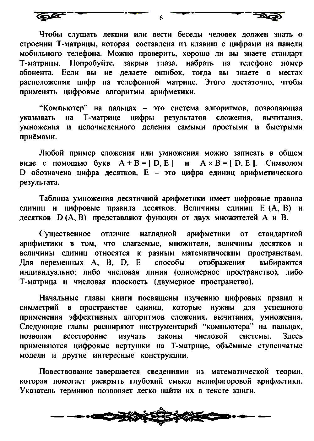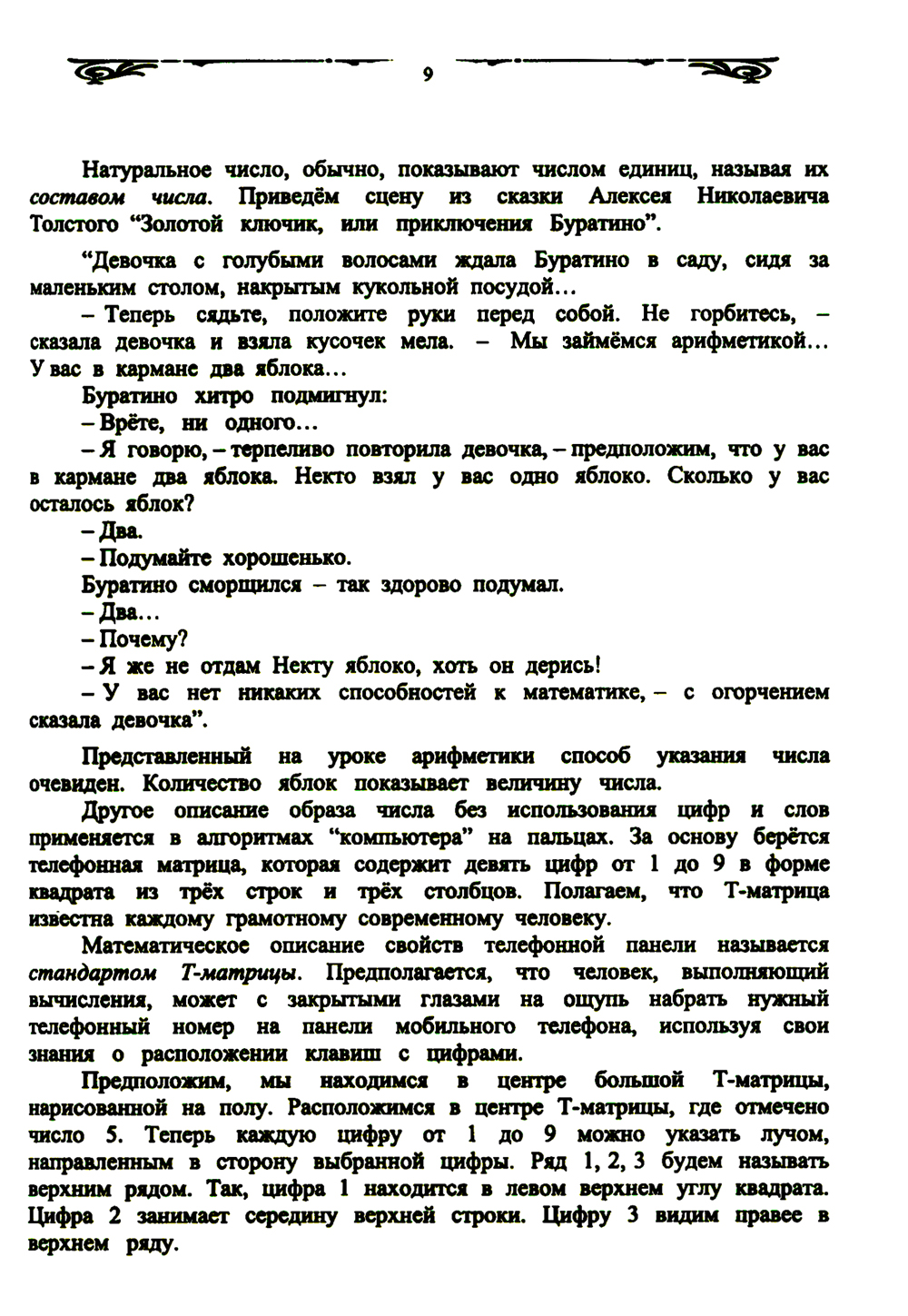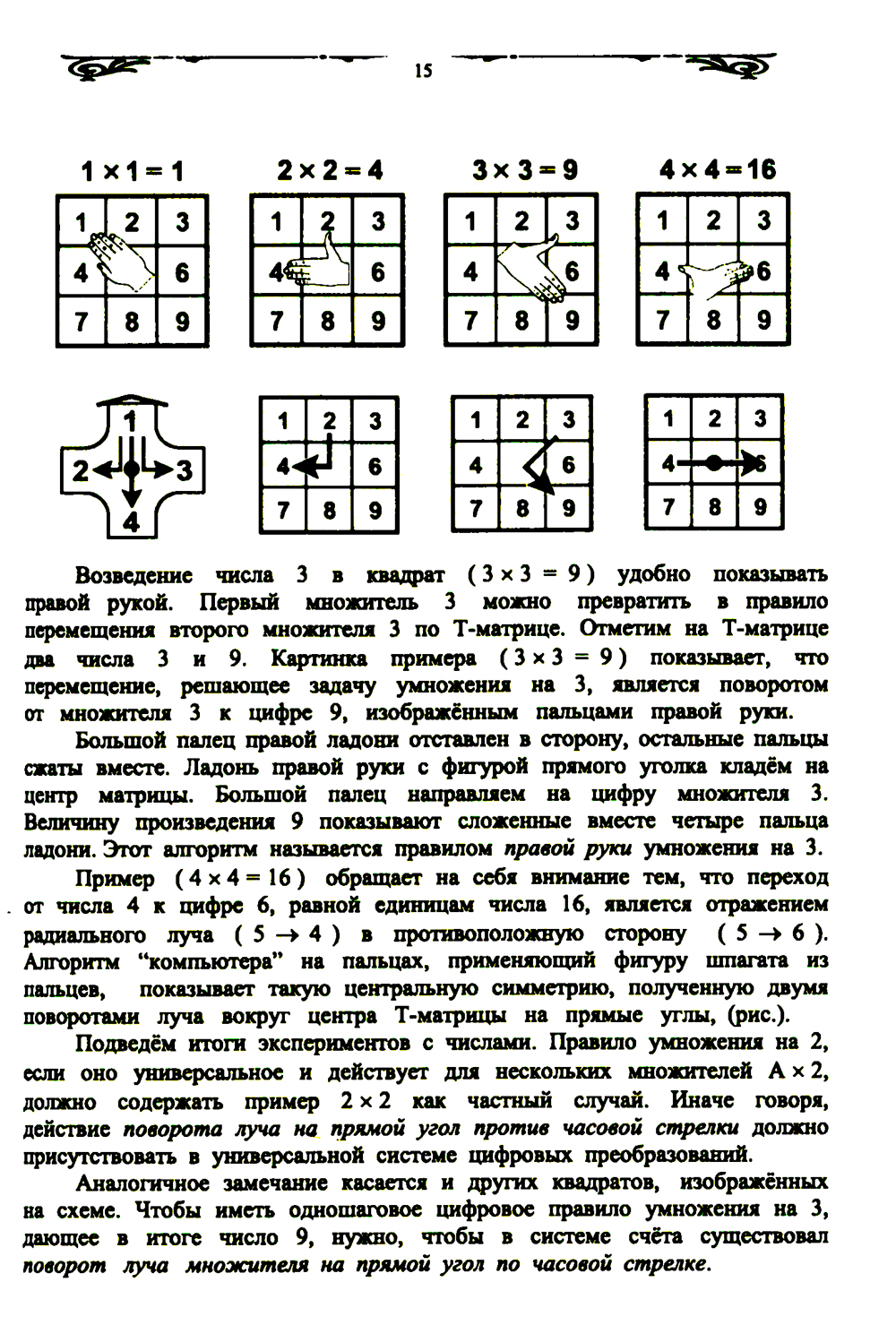 Книга посвящена описанию эффективных алгоритмов вычислений. Успех системе счёта «компьютера» на пальцах обеспечивают наглядные схемы и алгоритмы, показанные руками. Вычислительная работа из утомительного занятия превращается в захватывающую внимание игру с числами. Так, умножение на три 3 х А задаётся правилом правой руки, которое использует поворот на прямой угол радиальных лучей телефонной Т-маприцы. Кроме заученных фраз типа «дважды два - четыре», полезны цифровые правила, позволяющие мгновенно указывать цифры результатов сложения, вычитания, умножения и целочисленного деления. Сокращённые схемы вычислений позволяют увеличить скорость устного счёта в пять раз. Новый формат таблицы умножения - девятилистник - лучше таблицы Пифагора показывает симметрии поворотов чисел. Наглядные и выразительные визуальные образы в «компьютере» на пальцах сокращают время изучения таблицы умножения. Для юных математиков предлагается стихотворный арифметический букварь с цифровыми правилами умножения. Книга является основой учебного курса для школьников по технологии эффективного счёта. Наглядные иллюстрации помогут педагогам и родителям, обучающим детей арифметике. Книга будет полезна математикам, экономистам, физикам, инженерам, штурманам, психологам, философам и всем тем, кому интересны свойства чисел и предельные возможности человека в устном счёте.| Издательство | ЛЕНАНД |
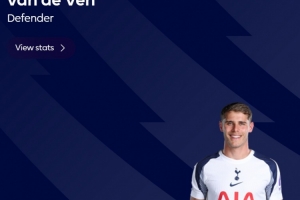 此役范德文為熱刺踢滿全場,這位中衛(wèi)當(dāng)選本場比賽最佳球員。
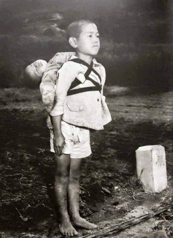 Resimdeki çocuk hakkında konuştuğu şahitlerden biri, çocuğun durumunu şöyle anlatmıştı: "Ateşe doğru gelen 10 yaşlarında bir erkek çocuk gördüm. Sırtında bir bebek taşıyordu. O günlerde Japonya'da çocuklar küçük kardeşlerini sırtlarına alıp oyunlar oynardı. Önce böyle olduğunu zannettim. Fakat bu çocuğun havası tamamen farklıydı.
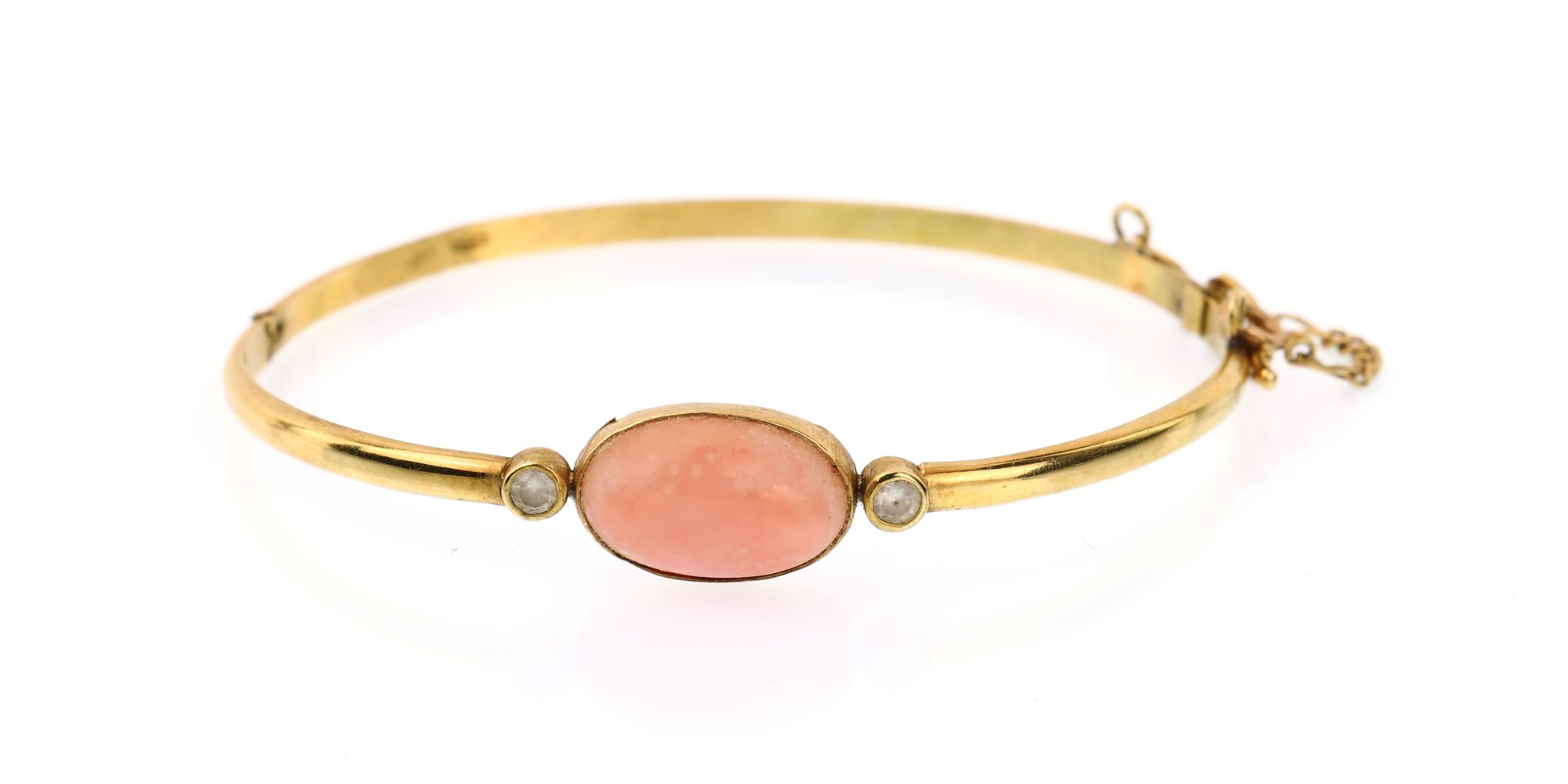 Bracciale rigido in oro e spola di corallo e brillanti polso cm 16,5
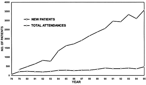 When setting up a screening programme it is very important that adequate arrangements are made for treatment of the cases identified. Initially there will be a backlog of untreated cases before a steady state is reached (Fig. 2). Our population of 3,500 diabetics, with an established screening programme of 18 years, yields an average of 12 new cases of proliferative retinopathy and 42 new cases of maculopathy to be treated each year. The workload increases every year in the assessment and treatment clinic, as well as the screening clinic, as new patients enter the programme (Fig. 3). There is a net gain of over 200 patients into the programme each year and 7% of patients screened are transferred to the assessment clinics.
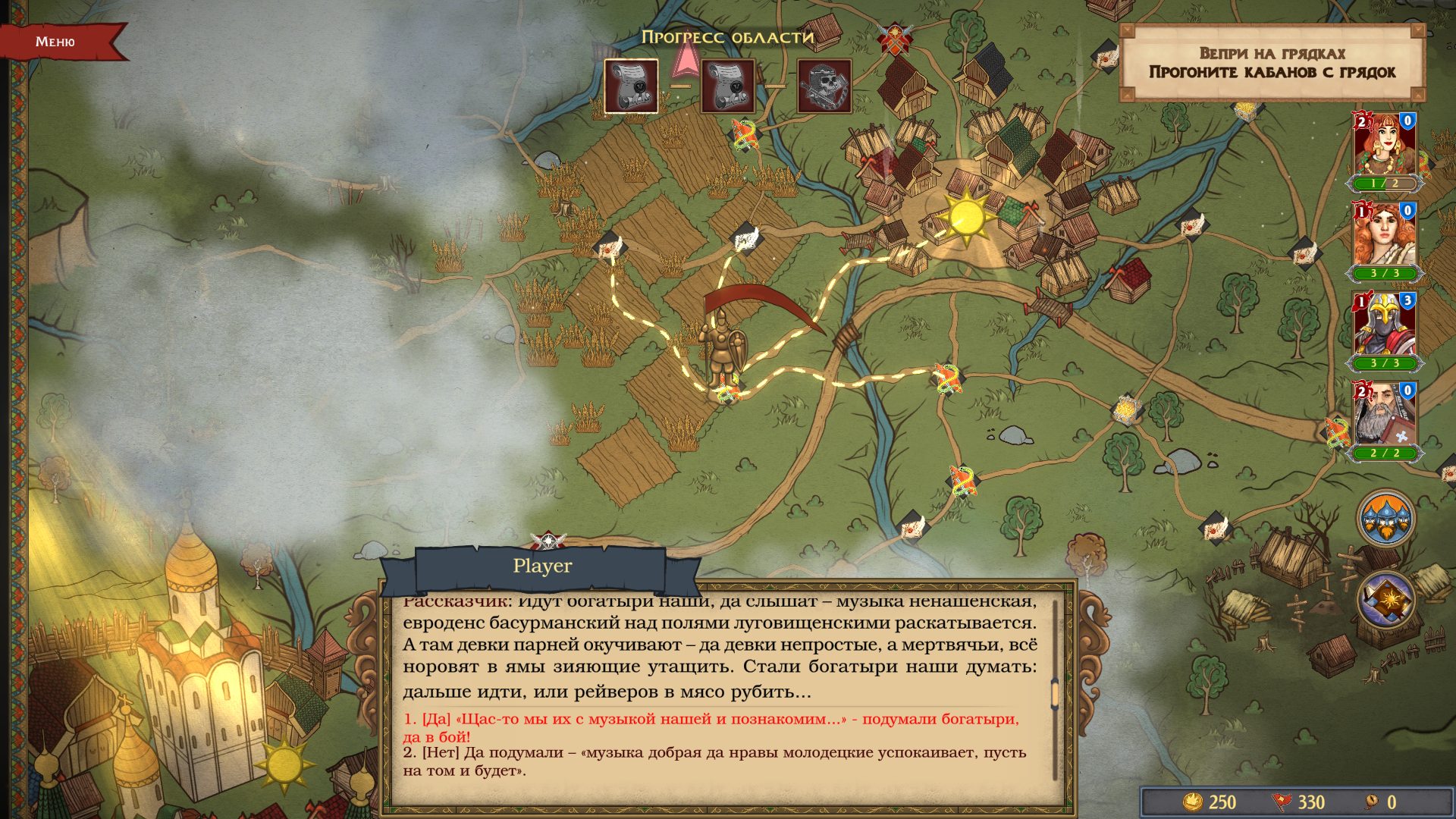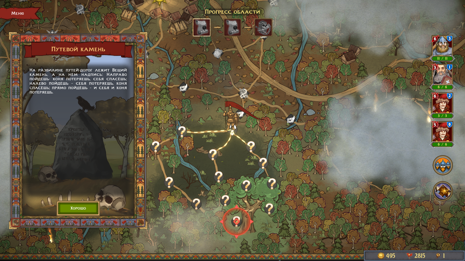 В каждом акте имеются одни и те же активности: сражения, сундуки, путевые камни и события. С первыми тремя всё понятно — сражаемся, получаем награды и все хорошо. Но вот события в игре вызывают смешанные чувства: иногда они есть, а иногда их просто нет. Представьте: вы видите на карте пометку «интересное событие», но придя на место, в вас кидают пару строк текста — и всё. Как я писал выше, встречаются забавные экземпляры, но хочется-то большего!

Your objective:
Give again the lines from the line that contains "When setting up" through the last line of the material above, exactly and with both ends included. Omit the pictures.

Answer to the exercise:
 When setting up a screening programme it is very important that adequate arrangements are made for treatment of the cases identified. Initially there will be a backlog of untreated cases before a steady state is reached (Fig. 2). Our population of 3,500 diabetics, with an established screening programme of 18 years, yields an average of 12 new cases of proliferative retinopathy and 42 new cases of maculopathy to be treated each year. The workload increases every year in the assessment and treatment clinic, as well as the screening clinic, as new patients enter the programme (Fig. 3). There is a net gain of over 200 patients into the programme each year and 7% of patients screened are transferred to the assessment clinics.
 В каждом акте имеются одни и те же активности: сражения, сундуки, путевые камни и события. С первыми тремя всё понятно — сражаемся, получаем награды и все хорошо. Но вот события в игре вызывают смешанные чувства: иногда они есть, а иногда их просто нет. Представьте: вы видите на карте пометку «интересное событие», но придя на место, в вас кидают пару строк текста — и всё. Как я писал выше, встречаются забавные экземпляры, но хочется-то большего!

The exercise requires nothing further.